4830

Гипонатриемия

При подходе к нарушениям в содержании Na и осмолярности врач должен ответить на 7 вопросов:
1. Каково состояние внутрисосудистого объема?
2. Каковы концентрации в сыворотке Na, альбумина, липидов?
3. Какова осмолярность сыворотки?
4. Каков объем мочи, ее осмолярность и электролитный состав?
5. Какие лекарства и жидкости пациент получает?
6. Есть ли признаки заболевания почек?
7. Имеются ли отеки?

Лабораторные исследования. Вместе с тщательным сбором анамнеза и физикальным обследованием исследование [Na+]в моче, глюкозы в сыворотке крови, осмолярности мочи обеспечивают основные данные для установления этиологии гипонатриемии. Так как Na+ является основным осмотически активным экстрацеллюлярным катионом, осмолярность сыворотки определяется, главным образом, соотношением воды и Na+. Исследование осмолярности сыворотки помогает разделить гипонатриемию на 3 различные группы. Дополнительно к нарушениям Na/H2O баланса, значительное увеличение содержания в крови глюкозы, азота мочевины (BUN) или экзогенных веществ (алкоголя и сложных углеводов) могут увеличивать осмолярность сыворотки (ОС). Однако уменьшение ОС практически всегда отражается в уменьшении концентрации натрия. ОС приблизительно может быть рассчитана по следующей формуле:
ОС = 2 (Na+) + глюкоза/18 + BUN/3 + («не учитываемая» ОС) 

Подклассы гипонатриемии. Изотоническая гипонатриемия. Гипонатриемия с нормальной ОС имеет место, когда осмотически активные растворы в значительной степени увеличивают объем плазмы, разводя Na+ сыворотки (например, при миеломе, макроглобулинемии Вальденстрома). Обычно требуется концентрация белка сыворотки > 12-15 г% для развития заметной гипонатриемии. Разведение Na+ происходит не только вследствие осмотической нагрузки белками сыворотки, но также из-за необходимости поддержания электронейтральности.

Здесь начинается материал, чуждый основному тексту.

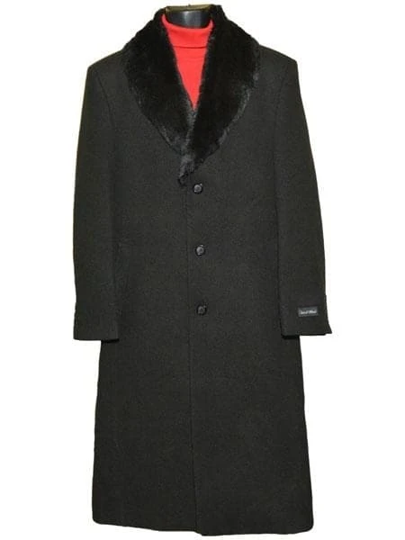 Mens Overcoat -Mens Long Wool Topcoats- Topcoat For Men-Men’s Dress Coat Fur Collar Black 3 Button Wool Full Length Overcoat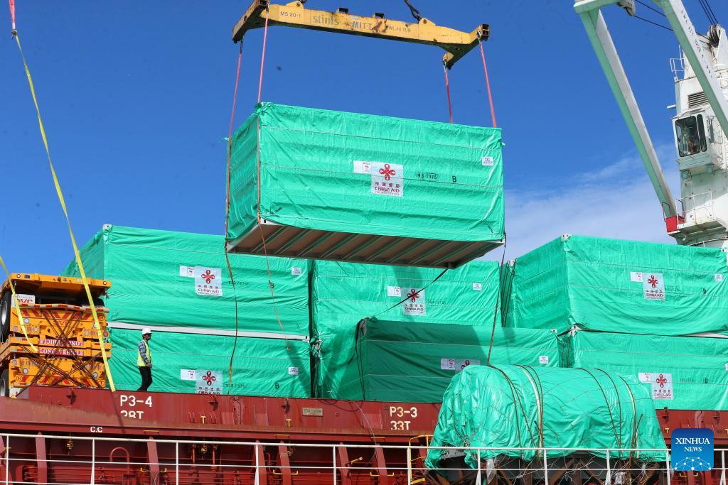 This photo taken on May 14, 2025 shows the 14th batch of emergency humanitarian in-kind assistance dispatched by the Chinese government in Yangon, Myanmar. The 14th batch of emergency humanitarian in-kind assistance dispatched by the Chinese government was handed over to Myanmar on Wednesday. A 7.9-magnitude earthquake struck Myanmar on March 28. As of May 13, the earthquake has claimed around 3,800 lives and injured over 5,100 people, with 85 others remaining unaccounted for, according to official data. (Xinhua/Myo Kyaw Soe)
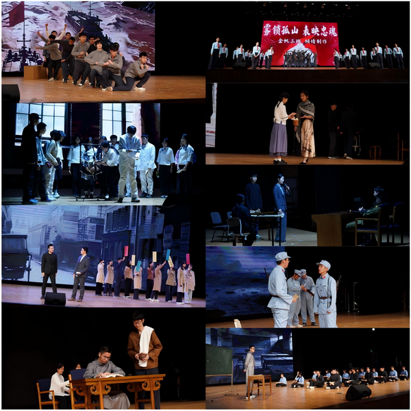 在戏剧中,我们重回正面战场,看见"锋刃出鞘、血染山河"的壮烈,感受到"一寸山河一寸血"的滚烫赤诚;在戏剧中,我们潜入敌后和地下战场,听见"暗战无声、信仰不灭"的心跳,触摸到"于无声处听惊雷"的坚定执着;在戏剧中,我们走进各界支援的洪流,见证"众志成城、共赴国难"的担当,体会到"岂曰无衣,与子同袍"的民族深情;在戏剧中,我们驻足文脉传承的长廊,铭记"铭记伤痛、守护根魂"的使命,领悟到"斯文在兹,生生不息"的坚韧力量。同学们在戏剧中演绎了烽火岁月的青春回响,展现出中华儿女勠力同心、共赴国难的身影;感受到火光跳动,号声嘹亮,耳畔响起先辈们穿越时空、振聋发聩的呐喊。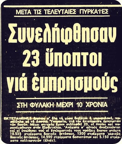 Μάλιστα το κόλπο της εξουσίας είναι διαχρονικό. Ο Κ. Βαθιώτης έγραψε ότι “οι πυρκαϊές ήταν πάντοτε αποδεκτές, αν όχι βαλτές από τις ίδιες τις κυβερνήσεις μας, οι οποίες, για το ξεκάρφωμα, έσπευδαν κατόπιν εορτής να προπαγανδίσουν τις συλλήψεις και τον κατευναστικό εισαγγελικό μπαμπούλα (https://oudensxolion.gr/?p=9443).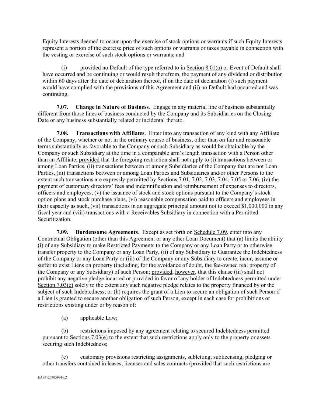 Equity Interests deemed to occur upon the exercise of stock options or warrants if such Equity Interests represent a portion of the exercise price of such options or warrants or taxes payable in connection with the vesting or exercise of such stock options or warrants; and (i) provided no Default of the type referred to in Section 8.01(a) or Event of Default shall have occurred and be continuing or would result therefrom, the payment of any dividend or distribution within 60 days after the date of declaration thereof, if on the date of declaration (i) such payment would have complied with the provisions of this Agreement and (ii) no Default had occurred and was continuing. 7.07. Change in Nature of Business. Engage in any material line of business substantially different from those lines of business conducted by the Company and its Subsidiaries on the Closing Date or any business substantially related or incidental thereto. 7.08. Transactions with Affiliates. Enter into any transaction of any kind with any Affiliate of the Company, whether or not in the ordinary course of business, other than on fair and reasonable terms substantially as favorable to the Company or such Subsidiary as would be obtainable by the Company or such Subsidiary at the time in a comparable arm’s length transaction with a Person other than an Affiliate; provided that the foregoing restriction shall not apply to (i) transactions between or among Loan Parties, (ii) transactions between or among Subsidiaries of the Company that are not Loan Parties, (iii) transactions between or among Loan Parties and Subsidiaries and/or other Persons to the extent such transactions are expressly permitted by Sections 7.01, 7.02, 7.03, 7.04, 7.05 or 7.06, (iv) the payment of customary directors’ fees and indemnification and reimbursement of expenses to directors, officers and employees, (v) the issuance of stock and stock options pursuant to the Company’s stock option plans and stock purchase plans, (vi) reasonable compensation paid to officers and employees in their capacity as such, (vii) transactions in an aggregate principal amount not to exceed $1,000,000 in any fiscal year and (viii) transactions with a Receivables Subsidiary in connection with a Permitted Securitization. 7.09. Burdensome Agreements. Except as set forth on Schedule 7.09, enter into any Contractual Obligation (other than this Agreement or any other Loan Document) that (a) limits the ability (i) of any Subsidiary to make Restricted Payments to the Company or any Loan Party or to otherwise transfer property to the Company or any Loan Party, (ii) of any Subsidiary to Guarantee the Indebtedness of the Company or any Loan Party or (iii) of the Company or any Subsidiary to create, incur, assume or suffer to exist Liens on property (including, for the avoidance of doubt, the fee-owned real property of the Company or any Subsidiary) of such Person; provided, however, that this clause (iii) shall not prohibit any negative pledge incurred or provided in favor of any holder of Indebtedness permitted under Section 7.03(e) solely to the extent any such negative pledge relates to the property financed by or the subject of such Indebtedness; or (b) requires the grant of a Lien to secure an obligation of such Person if a Lien is granted to secure another obligation of such Person, except in each case for prohibitions or restrictions existing under or by reason of: (a) applicable Law; (b) restrictions imposed by any agreement relating to secured Indebtedness permitted pursuant to Sections 7.03(e) to the extent that such restrictions apply only to the property or assets securing such Indebtedness; (c) customary provisions restricting assignments, subletting, sublicensing, pledging or other transfers contained in leases, licenses and sales contracts (provided that such restrictions are EAST\203059916.2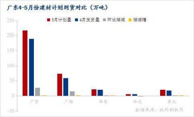 2、5月廣東地區(qū)建筑材區(qū)內(nèi)(廣東和廣西)計(jì)劃供應(yīng)量共計(jì)290萬噸,環(huán)比增加7.9萬噸,增幅2.8%;區(qū)外計(jì)劃供應(yīng)量為49.1萬噸,環(huán)比增加0.2萬噸,增幅0.4%;

По мере того, как положительно заряженные белки входят в циркуляцию, Cl- задерживается, а Na+ экскретируется, чтобы предотвратить электрический дисбаланс. Гиперлипидемия может также искусственно увеличивать объем сыворотки, снижая определяемую [Na+]. Однако удаление липидов перед исследованием нормализует [Na+]. Изотоническая гипонатриемия может также иметь место при введении изотонических, несолесодержащих растворов (глюкоза, маннитол, глицин). Перед тем, как эти растворы метаболизируются и экскретируются, они накапливаются в экстрацеллюлярном пространстве, где они увеличиваю ОЦК и разводят [Na+]. (После экскреции и метаболизма этих растворов, свободная вода пропорционально распределяется между интра- и экстрацеллюлярным пространствами.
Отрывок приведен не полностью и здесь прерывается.